## [REQUIRED ACTION]
I would like the lines below, from the one with "Silk Mill from" through the one with "FIRST PLACE SCENERY", copied exactly and without any pictures.

## [RECORDS]
====================

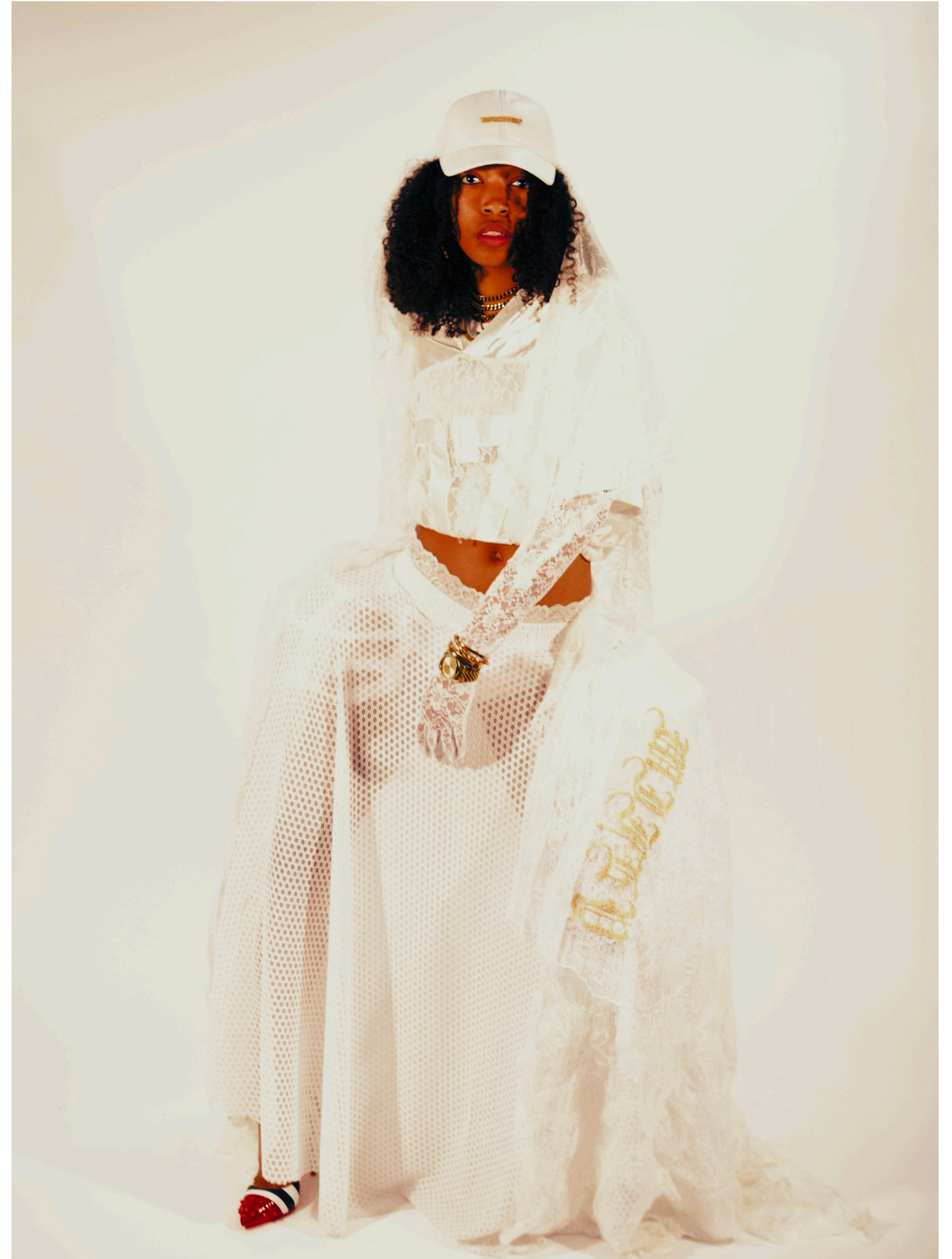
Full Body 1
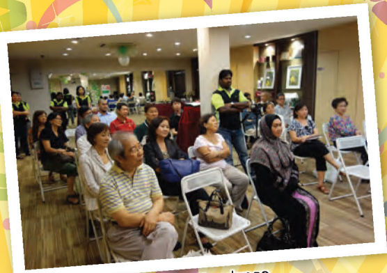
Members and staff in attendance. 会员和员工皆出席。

====================

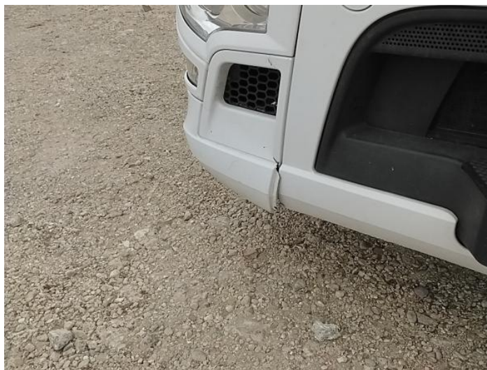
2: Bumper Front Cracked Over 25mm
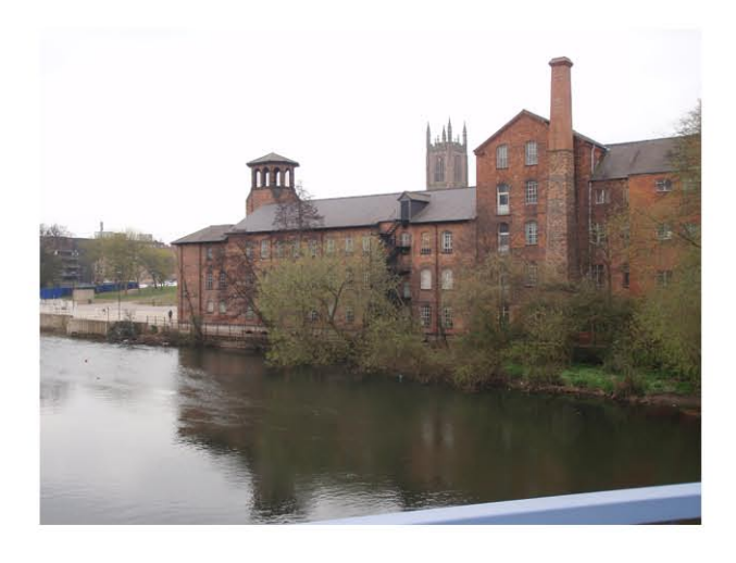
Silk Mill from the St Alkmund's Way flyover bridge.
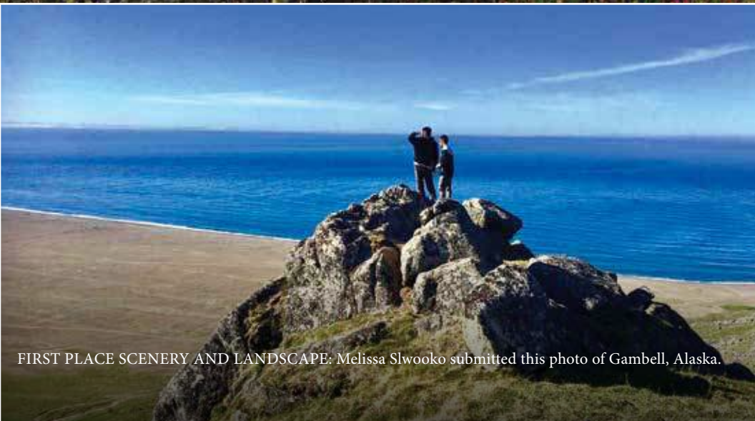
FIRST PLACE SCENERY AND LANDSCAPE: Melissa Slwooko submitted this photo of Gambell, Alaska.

====================

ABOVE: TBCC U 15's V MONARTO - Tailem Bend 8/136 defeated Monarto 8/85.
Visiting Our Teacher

====================

## [ANSWER BOX]
Silk Mill from the St Alkmund's Way flyover bridge.
FIRST PLACE SCENERY AND LANDSCAPE: Melissa Slwooko submitted this photo of Gambell, Alaska.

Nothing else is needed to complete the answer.